══ AVAILABLE DATA

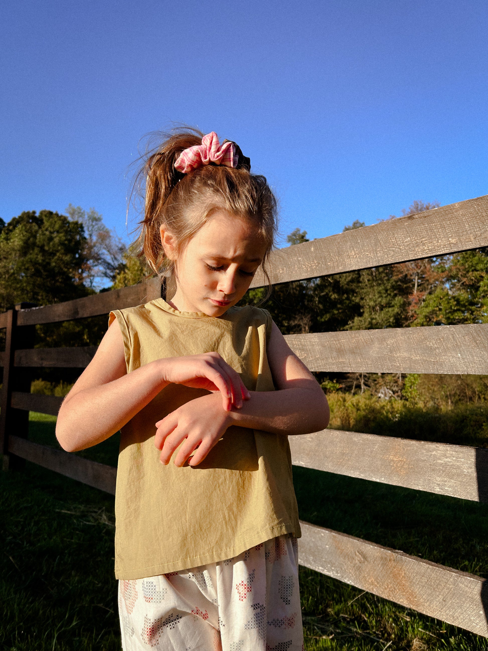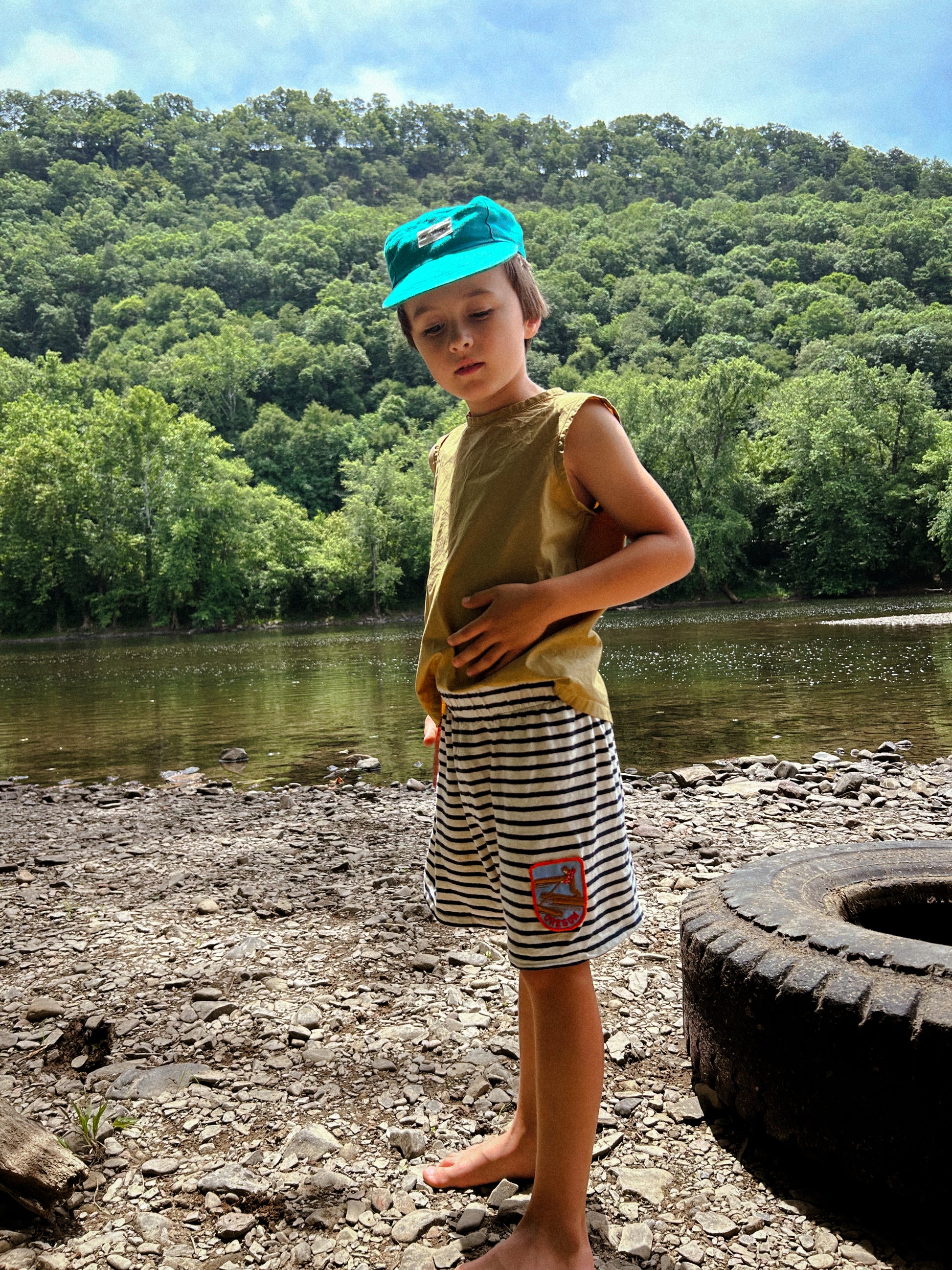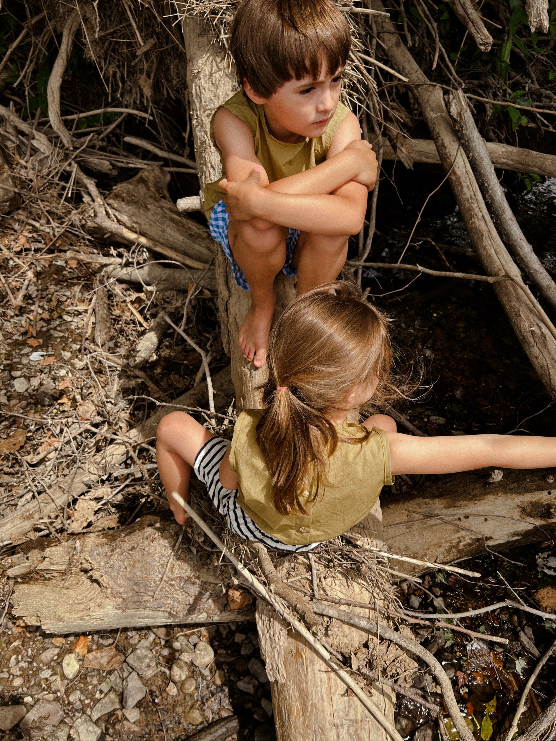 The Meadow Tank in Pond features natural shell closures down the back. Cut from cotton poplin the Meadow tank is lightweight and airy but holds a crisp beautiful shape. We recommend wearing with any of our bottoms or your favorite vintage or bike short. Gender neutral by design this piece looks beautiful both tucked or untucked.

════
══ AVAILABLE DATA

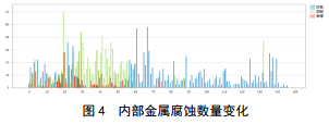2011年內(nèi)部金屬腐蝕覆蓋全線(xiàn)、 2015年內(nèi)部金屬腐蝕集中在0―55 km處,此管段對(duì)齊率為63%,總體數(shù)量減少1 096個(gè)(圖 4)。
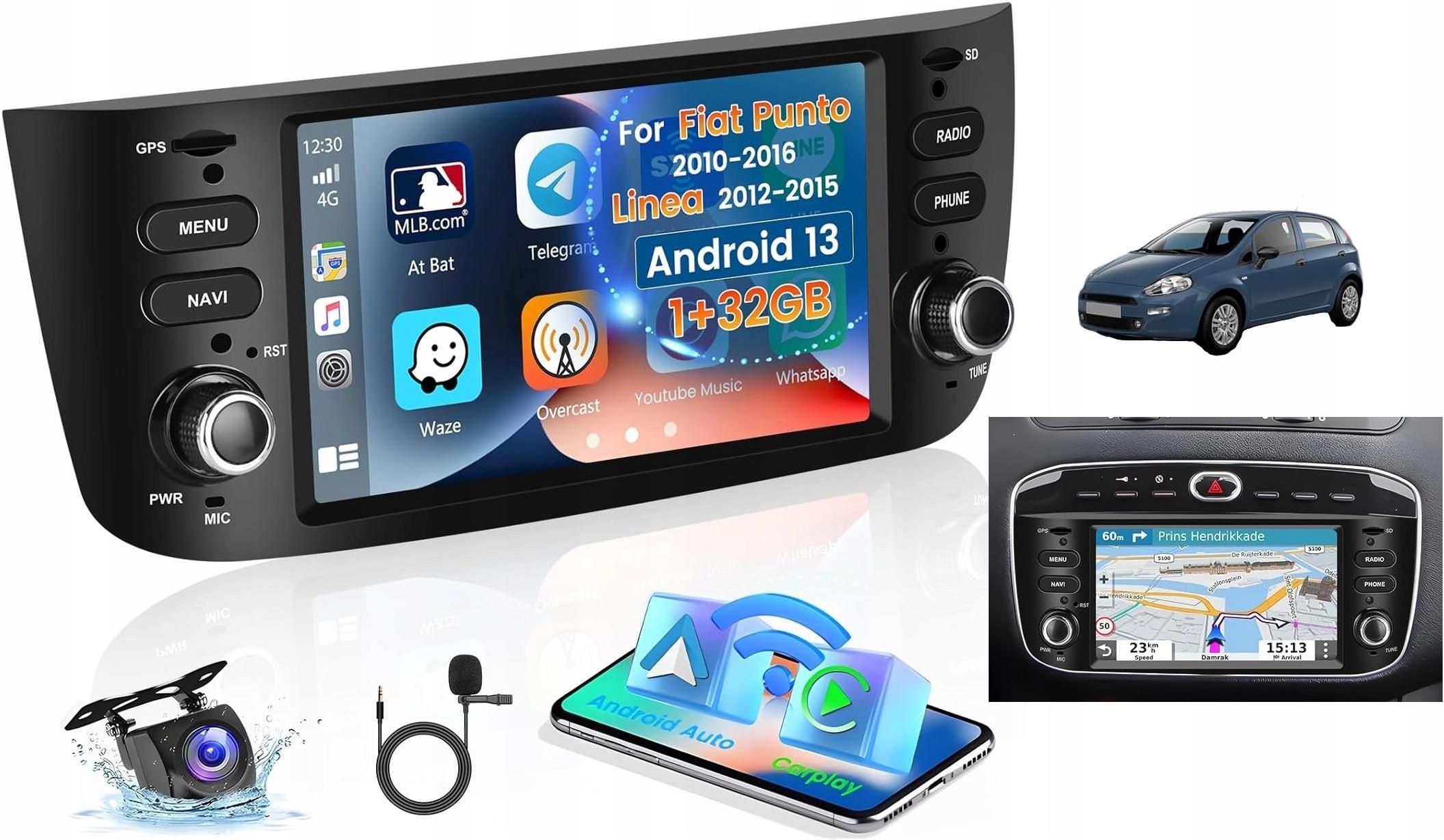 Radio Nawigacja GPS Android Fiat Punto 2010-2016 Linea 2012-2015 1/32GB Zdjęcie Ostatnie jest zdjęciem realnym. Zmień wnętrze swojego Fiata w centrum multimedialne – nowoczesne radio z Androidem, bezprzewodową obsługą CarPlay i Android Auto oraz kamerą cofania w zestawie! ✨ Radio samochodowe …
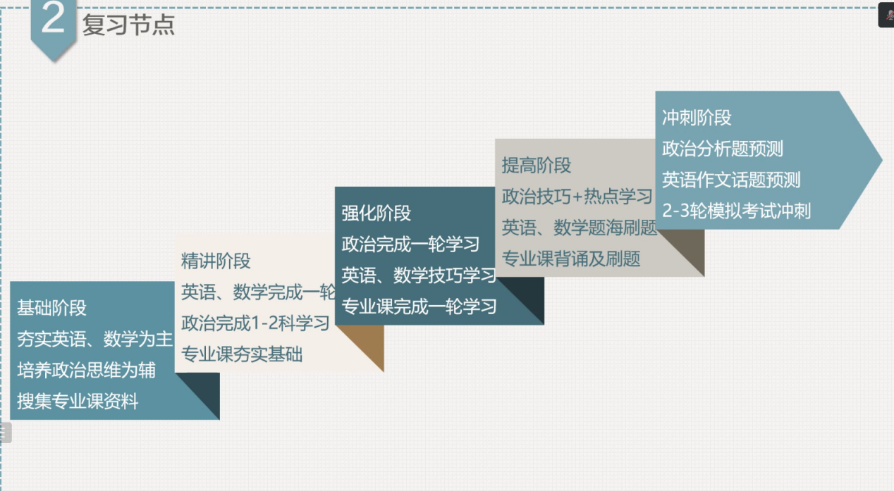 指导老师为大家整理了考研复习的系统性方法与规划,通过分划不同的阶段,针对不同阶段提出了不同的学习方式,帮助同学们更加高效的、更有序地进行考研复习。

════

(TO DO)
Starting at the line containing "km處,此管段對(duì)齊率為63%,總體數(shù)量減少1 096個(gè)(圖 4)。" and finishing at the line containing "指导老师为大家整理了考研复习", return those lines exactly as they appear above, without the pictures.

(REPLY)
2011年內(nèi)部金屬腐蝕覆蓋全線(xiàn)、 2015年內(nèi)部金屬腐蝕集中在0―55 km處,此管段對(duì)齊率為63%,總體數(shù)量減少1 096個(gè)(圖 4)。
 Radio Nawigacja GPS Android Fiat Punto 2010-2016 Linea 2012-2015 1/32GB Zdjęcie Ostatnie jest zdjęciem realnym. Zmień wnętrze swojego Fiata w centrum multimedialne – nowoczesne radio z Androidem, bezprzewodową obsługą CarPlay i Android Auto oraz kamerą cofania w zestawie! ✨ Radio samochodowe …
 指导老师为大家整理了考研复习的系统性方法与规划,通过分划不同的阶段,针对不同阶段提出了不同的学习方式,帮助同学们更加高效的、更有序地进行考研复习。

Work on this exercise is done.